Ровная прядь иссиня-чёрных волос падала на её щеку, подрагивая всякий поворот руки, любое движение плеча. Поправляя атласно-белые складки с пенным кружевом оттенка едва заметной восходящей зари, предвещающей начало ветреного дня, Катарина коснулась кружева щекой, потёрлась розовой кожей о ткань, отстраненно и естественно, словно котёнок или человеческое дитя. Приподняла глаза, пусто глянула на застывшую в реверансе мадам.

– Проходи, – откладывая блокнот на столик справа, разрешила она, и в глазах её плыла тусклая глубина туманных небес.

– Ваше Высочество, – голос мадам, опытной и знавшей воспитанницу назубок, сейчас уловившей в облике Наследницы признак странного отстранения и желавшей пробудить её к жизни немедленно, чтобы она могла бесстрастно и вместе с тем вдохновенно следовать дальнейшим делам, наполнился тёплым мёдом, влажной страстью, солнечно-ясным воодушевлением и тёплой, спокойной радостью, будто принесённая весть стоила полкоролевства, – ваш галчонок... он прибыл.

Ей показалось, лицо Принцессы оживилось хотя бы на миг: дрогнули брови, в глазах, застывших взглядом в недоступной и пустынной дали, мелькнули слабая улыбка и блеск.

– Где он? – тихо спросила Инфанта, отводя послушные пряди и рассматривая пришедшую Венри с необычной, непривычной внимательностью, – как неуверенный в чем-то серьёзном человек, что в миг архисложного выбора замирает на минуту, на час, на день, вдыхая новые запахи привычного воздуха, увидев новые краски в старом окружении, услышав новый смысл в привычных словах, – замирает, выпадая из мира внутреннего во внешний, таким образом пытаясь отыскать подтверждение или отрицание своим мыслям, найти помощь размышлениям и мукам.

Мадам мысленно кивнула, отчётливо понимая происходящее, и спрятала своё изумление, так глубоко, как смогла. Она давным-давно не видела Принцессу задумчивой, неуверенной в себе, и слишком привыкла, как все остальные, удивляться, с какой лёгкостью дитя Высокой Крови принимает решение за решением, решает задачу за задачей... теперь ей на мгновение стало страшно.

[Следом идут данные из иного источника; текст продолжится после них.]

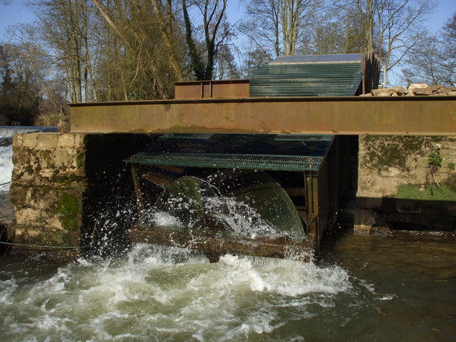 Archimedean Screw Turbine at Howsham Mill As part of the restoration of Howsham Mill, the project has looked to green energy, and with a river right next door, has put in an archimedian screw which converts the rivers energy into hydro power. More information can be found out about this project at: or go and visit Howsham Mill and talk to the volunteers.

Как одинокой мыши в огромном поле, где нет возможности спрятаться, где кто-то безумный и жадный скосил всю траву, бросил косу и ушёл; где бывшая роща трав, полная запахов и теней, теперь встречает увяданием и пустотой, залитой ярким солнечным светом... После своего совершеннолетия Принцесса стала иной.

– Ожидает за дверью, Ваше Высочество, – с почтительной весёлостью ответила мадам, шурша юбками, пересекая ровные полосы-круги: паркета, серого камня, белого мрамора, ещё приподняв платье, стараясь стелящимися у самого пола кружевами не касаться спящей пентаграммы; перешагнув, снова ступила на белый мрамор, серый камень, прошла по темно-алому дереву и с кратким поклоном остановилась возле кресла на небольшом возвышении – кресла, из-за спинки которого лишь шестеро суток назад выплыла худая рука убийцы, пытавшегося угрожать Катарине.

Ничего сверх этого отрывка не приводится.